I have some test code for the scenario that I am dealing with:

#include <stdio.h>
#include <stdlib.h>

typedef struct obj obj;
struct obj {
    char name;
    int done;
    obj* prev;
};

void recurse(obj *o) {
    
    printf("(before) node %c: %i\n", o->name, o->done);
    o->done = 0;
    printf("(after) node %c: %i\n", o->name, o->done);

    if (o->prev) {
        // *this* should be generalized to handle for n elems in 
        // prev, and can be handled by just adding a num_prev value 
        // to obj
        recurse(o->prev);
        recurse(o->prev+1);
    }
}

int main() {

    obj node1 = {'a', 1, NULL};
    obj node2 = {'b', 1, NULL};

    obj node3 = {'c', 0, NULL};
    node3.prev = (obj *)malloc(2 * sizeof(obj));
    *node3.prev = node1;
    *(node3.prev+1) = node2;

    obj node4 = {'d', 0, NULL};
    node4.prev = (obj *)malloc(2 * sizeof(obj));
    *node4.prev = node3;
    *(node4.prev+1) = node2;

    recurse(&node4);
    printf("(final) node %c: %i\n", node1.name, node1.done);
    printf("(final) node %c: %i\n", node2.name, node2.done);

    free(node3.prev);
    free(node4.prev);
}

where the output ends up being:

(before) node d: 0
(after) node d: 0
(before) node c: 0
(after) node c: 0
(before) node a: 1
(after) node a: 0
(before) node b: 1
(after) node b: 0
(before) node b: 1
(after) node b: 0
(final) node a: 1
(final) node b: 1

As you can see through the results, two things are happening.
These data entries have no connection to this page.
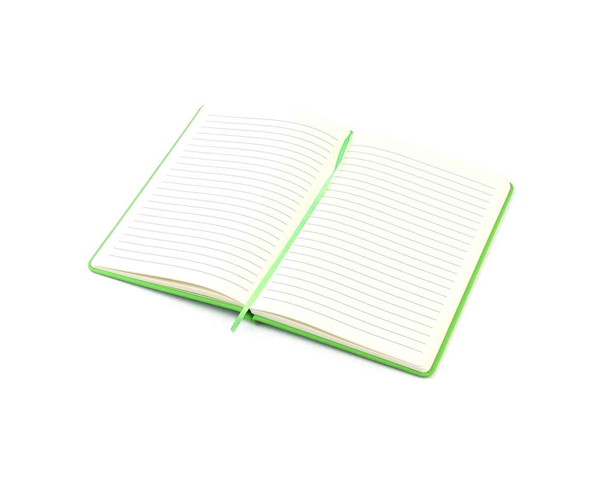 Блокнот формата А5 с твердым покрытием из PU-материала с имитацией рисунка кожи, с эластичной застежкой для закрытия и текстильной закладкой в цвет блокнота, 192 страницы, плотность 70г/м, страницы с черными линиями. Цвет по PANTONE® (максимально приближен): 368C.
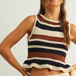 Make a bold statement with this color block top featuring contrasting panels and a playful ruffle hem. The modern design pairs effortlessly with jeans or skirts for any occasion. A versatile essential that brings style and movement to your wardrobe.
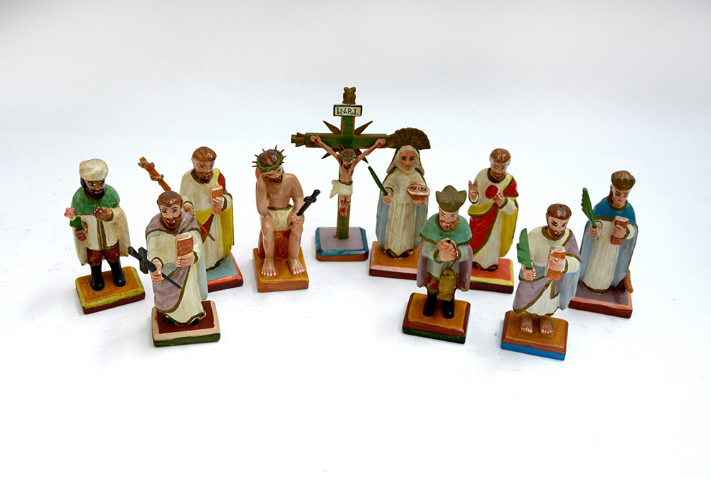 Lotto composto da dieci sculturine in legno intagliato e dipinto raffiguranti figure religiose (h max cm 17.5)(difetti)
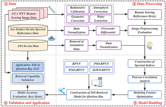 The technical framework of this study, shown in Figure 6, begins with obtaining GF-1 WFV remote sensing data synchronized with field measurements, which were combined with in situ spectral reflectance and SSS data to construct and validate the SSS retrieval models. Data processing involved key preprocessing steps, including radiometric calibration, atmospheric correction, geometric correction, normalization, and first-order differentiation, along with outlier filtering to ensure data quality. We then conducted statistical analyses to verify correlations between spectral indices and in situ SSS data, selecting those with the strongest correlations as model inputs. Using BPNN as the model framework, we introduced optimization algorithms—PSO, IGWO, and WSO—to enhance model performance. Model evaluations with field data allowed us to identify the optimal model for SSS retrieval in Qinzhou Bay. To ensure stability and reliability for practical applications, we assessed the model’s generalization capabilities across time and space using third-party data. Finally, we performed a monthly SSS retrieval for Qinzhou Bay in 2023, analyzing the spatial distribution and temporal variations of SSS across the Inner Bay, Bay Neck, and Outer Bay and exploring its relationship with factors such as climate change, freshwater inputs, and mariculture activities.
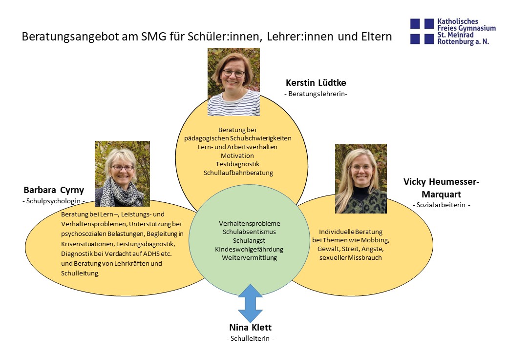 Erreichbar bin ich am besten unter cyrny@smg-cloud.de oder unter 07073-836558 (AB). Ich versuche Euch/Ihnen möglichst zeitnah einen Termin anzubieten, an dem wir uns an der Schule im Beratungsraum zu einem Gesprächtreffen können. Auf Wunsch ist es natürlich auch möglich, dass wir uns zuerst telefonisch austauschen, um dann gemeinsam zu überlegen, ob ein persönliches
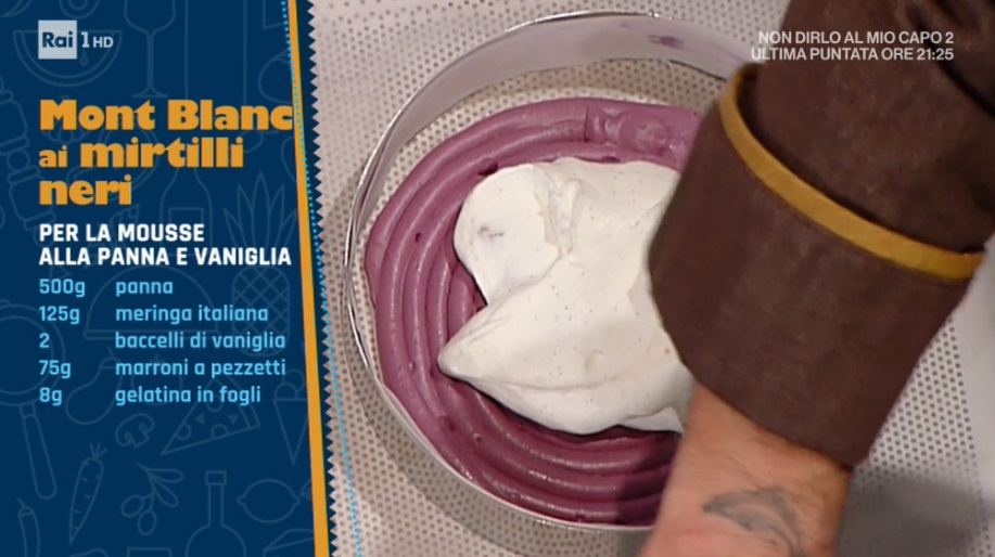 Alla base di un anello, mettiamo un disco di meringa ai mirtilli secca. Copriamo con uno strato di mousse. Creiamo sopra una spirale di crema di marroni (già pronta; si trova al supermercato). Copriamo con un altro strato di mousse. Inseriamo un secondo disco di meringa e copriamo con la mousse rimasta, fino all’orlo dell’anello. Livelliamo e congeliamo.

First, b (node2) is getting recursed twice, but the second time the value is still set to 1 (even though it was just set to 0). The second thing is that after the whole program execution, a (node1) and b (node2) are both not updated.
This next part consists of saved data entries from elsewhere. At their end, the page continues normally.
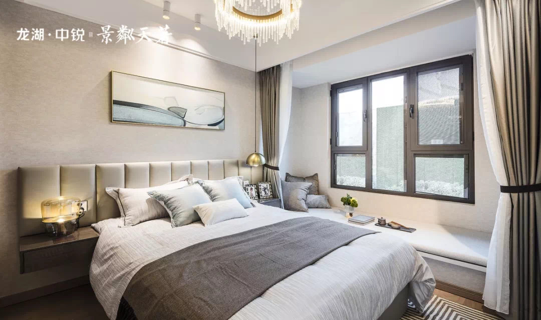 南侧卧室以约0.33米超低的宽景飘窗,扩大室内空间感,营造开阔格局,丈量舒适生活。
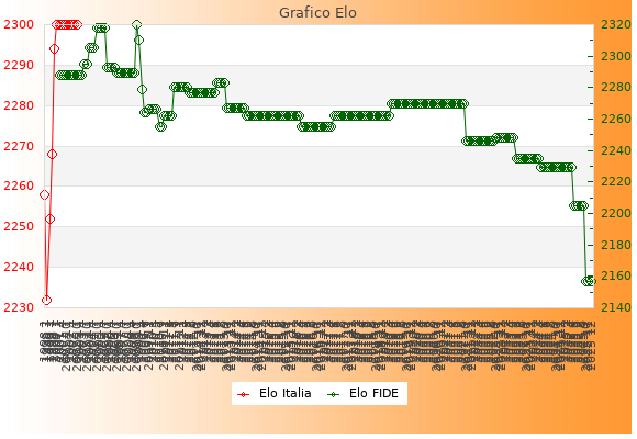 Elo FIDE: 2157    Migliore: 2320  (Ottobre 2008)    Peggiore: 2157  (Ottobre 2025)
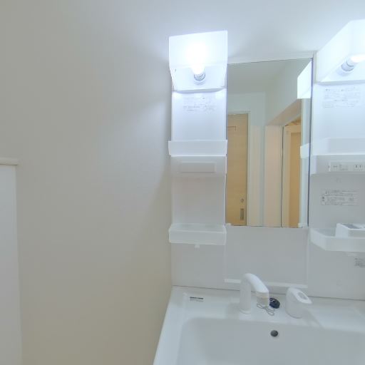 • 独立洗面台と三面鏡収納(確度86%):照明付きのミラーキャビネットとボウルが確認でき、サイドの棚もあり洗面収納が充実している。
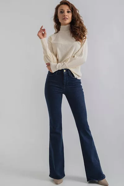 بنطلون جينز نسائي أزرق واسع الساق واسع الساق
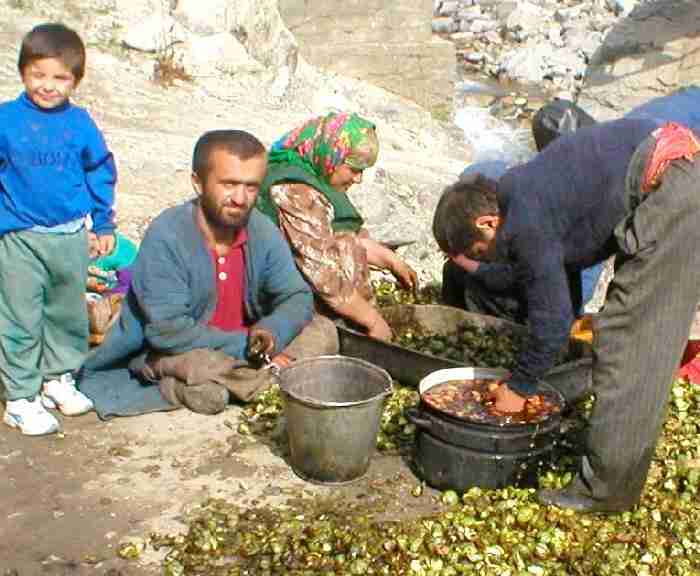 We noted that in Dunshanbe and other cities that children wear mostly Western clothes for day to day wear. We thought that traditional clothing might be more common in rural areas, but even in rural areas, Western clothing is very common, althogh not as trendy as in the city (figure 1). Even in rural areas, traditional clothing is mostly worn on ceremonal occasions. The girls and women seem to wear traditional costume more commonly than boys and men. This gender difference is epecially pronounced in rural areas.

I think it's something like: I'm only updating the local (copied) pointer of a->val and not the actual pointer of a (I think that sounds right).

Answer 1

Thanks for the final update.

A few things. Unless you have complexities beyond what's in your posted code, doing a malloc on obj->prev isn't needed. You can just do: obj *prev[2] instead.
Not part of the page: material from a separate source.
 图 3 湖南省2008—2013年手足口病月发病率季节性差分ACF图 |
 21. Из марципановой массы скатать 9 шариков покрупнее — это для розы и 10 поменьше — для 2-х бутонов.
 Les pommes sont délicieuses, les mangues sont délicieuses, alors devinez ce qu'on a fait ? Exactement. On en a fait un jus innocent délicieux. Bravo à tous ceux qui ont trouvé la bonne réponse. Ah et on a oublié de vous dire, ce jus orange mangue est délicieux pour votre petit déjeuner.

Also, I'd use a custom allocate function to simplify.

The real issue seems to be not using done correctly. When created, all nodes should set it to zero. Then, recurse should check done and return immediately if done is set. Then, recurse should set done.

This may not be what you're thinking of, but I think it will get you closer.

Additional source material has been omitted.